How many have the "human intelligence" to do this? Especially more accurately than a computer (and without using any themselves) training on the same inputs and outputs?


I'm sorry in advance, but aren't proteins glorified Lego?


There's a lot more to protein sequences than legos. I think the argument is that you don't need to train a model on fundamental organic chemistry/biochemistry, electrostatic protein interaction, hydrogen bonding, hydrophobic interaction, quantum mechanics, etc... in order for it to accurately predict protein sequences.


The data that AlphaFold was trained on included all that information and more. The database they used for training included software simulations (and real world data) that accounted for atomic (quantum) interactions. The 3D structure of proteins includes all the quantum interactions.
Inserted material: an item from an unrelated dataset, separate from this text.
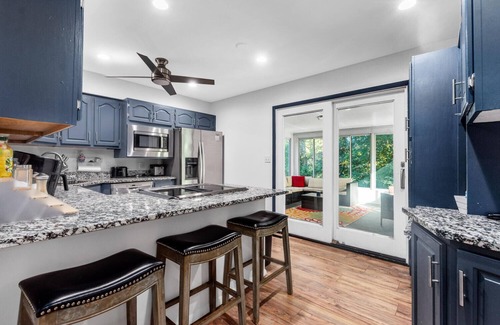 With thoughtfully furnished bedrooms designed for rest after the festivities, you and your guests can unwind in style. The fully equipped kitchen allows you to cater to your needs, whether it’s preparing a celebratory meal or enjoying a casual breakfast with loved ones. Take advantage of the sunroom and deck, perfect spots for pre-wedding brunches or evening relaxation. The large backyard is an excellent space for outdoor activities, providing ample room for photo opportunities or tent setups for your reception. Additionally, modern amenities like smart TVs and high-speed Wi-Fi ensure a seamless stay while garage parking keeps your vehicles safe and secure.

More generally, AI models (aka very large function graphs) are trained on tuples that represent mappings of inputs to outputs (input -> output). The idea then is that whatever structure exists in those pairs/tuples/mappings is discovered by the training process with the help of gradient descent which tunes the parameters of the model/graph to optimally compress the information contained in the data. This means the model must uncover the quantum effects (or some close proxy of it) and then encode them into the parameters in a way that makes compression/prediction possible [1].

None of this is magic, compressing data requires uncovering structures and symmetries that can be used to reduce the size of the data and it turns out gradient descent with lots of parameters manages to do that for a large class of problems albeit at a very steep computational cost that requires billions of dollars for hardware and software (including nuclear power plants [2]). We are not going to get AGI with this approach but fortunately I know how to make it happen for a mere $80B.

1: https://arxiv.org/abs/2305.15614

2: https://www.cnbc.com/2023/09/25/microsoft-is-hiring-a-nuclea...


> You don't need to train on the inputs(casual processes) of anything, that's what training is there to figure out.

I mean... this is just obviously false. If the data you're training on isn't causally predictive, you may occasionally find good-enough patterns for a particular use case (i.e. you may occasionally guess better than a coin flip which direction the stock market goes) but you aren't going to accurately model anything, and certainly not well enough to create an AGI that makes intelligent decisions.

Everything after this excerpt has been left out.